Minette Vári's ritual of penance
by Sue Williamson
"I will go beyond anything I will do in my life for the sake of art", Minnette Vári once said, and never has the artist's commitment to challenge herself physically, emotionally and artistically been more apparent than in The Calling, a twin channel video currently screening for the first time in South Africa, at the Bell Roberts Gallery in Cape Town.
It is the tension that is created as the artist naked, and with strange appurtenances strapped to her body, starts to crawl across a narrow balcony wall high above a city in the pale light of a very early dawn, the wind whipping at her hair, that gives The Calling its character of a powerful contemporary myth.
The feline grace of the burdened figure, the fact that this ritual is taking place at the break of day, a time of new promises, the elevated position above the city, the very real possibility that a gust of wind, a shift of weight could topple the artist from her perch suggests a ritual of penance, of absolution, taken, perhaps, on behalf of the metropolis spread below. The seriousness of the purpose, the difficulty of the task fills the screen.
In other moments of the film, the Vári figure morphs and dissolves in and out of existing statuary, reinforcing the idea of a mythical guardian of the city, musing over what happens in the streets far beneath. Shot in black and white, the metropolis is a blend of three cities, Johannesburg, Brussels and New York, a cityscape of lit up skyscrapers with mine dumps sliding by in the background, "the new Jerusalem, the radiant city" presented in a series of shifting pans.
The insistent soundtrack includes the growling grind of heavy machinery overlaid by a womens' chorus singing a work composed by the mediaeval nun, Hildegard van Bingen, and at one point in the video, Latin text, which translates as The City of Gold, appears in the clouds and dissolves. Is this then, a romantic vision of Utopia?
Hardly. The heroic vision is tempered with a strong sense of irony. The artist describes it as "an impossible city, a fictitious metropolis, a metaphor for how we are, how we put together our own identities." When asked whether she regards Johannesburg, in particular, as her home, the artist replies: "It is so my home, so not my home. In a strange way, the foreigners who come to the city belong more than I do."
The question of identity, who belongs where, and what this entails, has other ramifications for the artist, who has also said that it is harder for her to show work in South Africa than elsewhere - "on foreign soil one always slips into exoticism."

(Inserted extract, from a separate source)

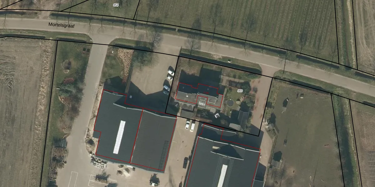 Het perceel waarop Mortelsgraaf 1-A staat heeft een oppervlakte van 1645 m². Dit is een zeer groot perceel. De perceeloppervlakte wordt geregistreerd door het Kadaster. Gedetailleerde informatie over de maten van dit perceel kunt u vinden in het rapport Kadastrale kaart met maatvoering van Mortelsgraaf 1-A.

Vári's artistic practice has always been to insert herself into difficult moments, into other identities, into making herself a tabula rasa for a chosen web of ideas. Although her work has always been highly engaged and engaging, with The Calling, Vári has reached a new level of accomplishment, both in concept and in form. And whereas earlier work was tied distinctly to a South African context, this latest piece is timeless and universal, an instant classic. The video is accompanied by three fine elongated black and white stills in a series entitled Sentinal, which encapsulate the themes of the piece.